Если рассмотреть не менее знаменитый гимн Ригведы (X.129) «Насадия-сукту», который в некоторых изданиях переводится как «Космогонический гимн», то окажется, что его содержание – описание одновременно и космогонического божественного жертвоприношения, и рождения мира из универсального безличного принципа – Единого («Экам», или «Тад Экам» – «Того Единого» среднего рода). В пользу жертвоприношения здесь говорит то, что миропроявление происходит через усиление некоего энергетического божественного начала тапаса, который трактуется и как физическое тепло, и как аскетизм вообще. Тапас здесь, скорее всего, следует понимать как самопожертвование Божественного первопринципа для создания мира (пер. В. Шеворошкина):
«Тогда не было ни сущего, ни не-сущего;
не было ни воздушного пространства, ни неба над ним…
Тогда не было ни смерти, ни бессмертия, не было
Различия между ночью и днем.
Без дуновения само собой дышало Единое (Тад Экам),
И ничего, кроме него, не было.
Вначале тьма была сокрыта тьмою…
От великого тапаса зародилось Единое (Экам), покрытое пустотою.
И началось [тогда] с желания (камы. –
Связку сущего и не-сущего отыскали, восприемля в сердце, прозорливые мудрецы…
Кто поистине знает, кто теперь бы поведал,
Откуда возникло это мирозданье?
Боги [появились] после сотворения его…
Из чего возникло это мирозданье, создал ли
[Кто его] или нет?
Кто видел это на высшем небе,
Тот поистине знает. [А] если не знает?»[315]
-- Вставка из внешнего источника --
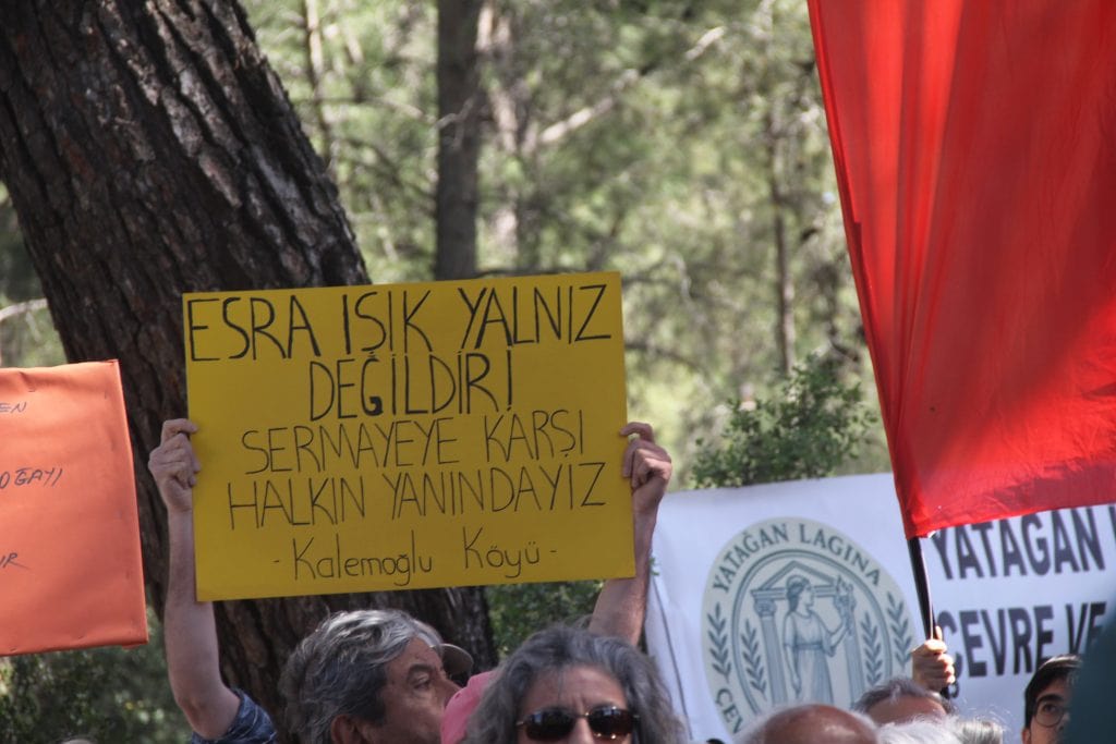 Alanda; “Limak defol, bu ormanlar bizimdir”, “Esra Işık onurumuzdur”, “Direne direne kazanacağız”, “Boyun eğme, toprağına sahip çık” ve “Akbelen bizimdir, bizim kalacak” sloganları atıldı.

Первичный Тапас в «Насадия-сукте», относящийся к Высшей (божественной) природе, – ее самоистощание ради других созданий, и в результате этого усилия и напряжения появляется Экам (Единое) как зародыш космоса. Иными словами, мотив божественного жертвоприношения предстает как космогенетическое самопожертвование. Это «ставшее» Единое (Экам) в отличие от апофатического Тад Экам, как бы скрытого и далекого, можно понять как первую стадию эманативного развертывания Божества, соответствующего, скорее всего, плотиновскому Нусу. Тогда как апофатическое Тад Экам можно соотести с Плотиновским Единым. Мир здесь тождествен в своей сущности и «ставшему» Единому, и Божественному абсолюту, из которого он эманирует, но которое остается полностью нераскрытым в своей глубине. Это говорит в пользу панентеистического характера «Космогонического гимна». Показательны слова гимна о мудрецах (риши), которые оказываются прозорливее богов небесного рая, созданных вместе с космосом. Таким образом, появившиеся после риши низшие боги становятся единосущными мирозданию. Не менее поучительно и то, что гимн в последних строках задает загадку о Высшем Боге как личности, которому можно было бы приписать создание мира. Но эта загадка, хотя индийские философские школы принимались решать ее каждая по-своему, остается неразгаданной до конца до сих пор: каково соотношение в развернутом виде безличного Абсолюта и личного Бога. По крайней мере, ясно то, что в ведическом мировоззрении личный Бог – поистине далекий Бог в отношении к этому космосу; согласно «Насадии», Он существует, но неизвестно, Творец ли Он? всеведущ ли? Промыслитель ли Он?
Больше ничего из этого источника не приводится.